At the same time, that approach can be a trap into which many boards stumble: The incumbent CEO has done a great job, so let’s just find another person like him or her,” says Peter Theis, president of the River Group, a leadership management consulting firm. “That’s a mistake.”

The philosophy has limitations, agrees Constantine Alexandrakis, head of the U.S. practice of executive search firm Russell Reynolds. “They may do great in the first 18 months and be good at capturing the low-hanging fruit,” as he puts it, such as cutting costs or shedding operations. “But what they won’t be able to do—and this typically comes at the 18-month or two-year mark—is break through with new strategies or directions or attack new and unforeseen challenges the company is experiencing.”

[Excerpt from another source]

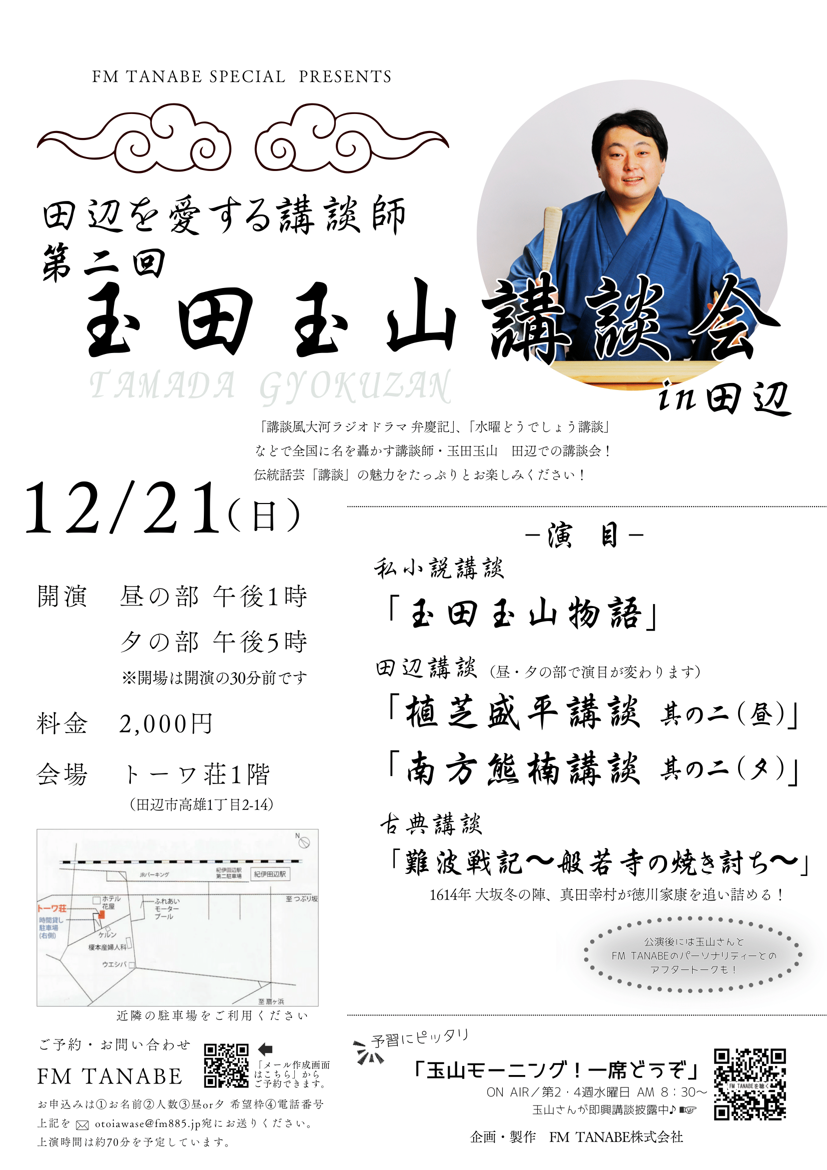 昨年12月には「弁慶記 吹奏楽プロジェクト演奏会」でも講談で演奏会を盛り上げてくださり、毎月第2・4水曜AM08:30から、「玉山モーニング!一席どうぞ」というコーナーでFM TANABEに定期的に出演されています。

Idalene Kesner is a director of Evansville, Indiana-based Berry Plastics Group and of Lincoln, Nebraska-based Lincoln Industries. She agrees that boards “rarely look for someone exactly identical” to the current CEO. “That’s because most boards are thinking years in advance and about the skills they will need in a CEO five years ahead or more—versus in the rear-view mirror,” says Kesner, who also is dean of the Indiana University business school.

Curating Candidates

Looking several years out, directors will want to consider their growth strategy and “whether they anticipate the need to drive a major business-model shift in a very disruptive market,” says Audrey Smith, senior vice president of global practices for the consulting company DDI. “Or maybe they’re looking at a huge digital transformation and at interfacing with new customers and new competitors. That would inform a certain kind of successor profile. Or is it about globalization or driving a turnaround where cost containment or manufacturing modernization is a lever they have to pull?”

Chambers recently helped lead the succession process that led to the selection of James Reed as CEO of USA Truck, He was the CFO of the Van Buren, Arkansas-based outfit. In curating candidates, Chambers says it’s important to “be agnostic about where the talent is coming from. Then you compare your internal talent against that as you also search on the outside.”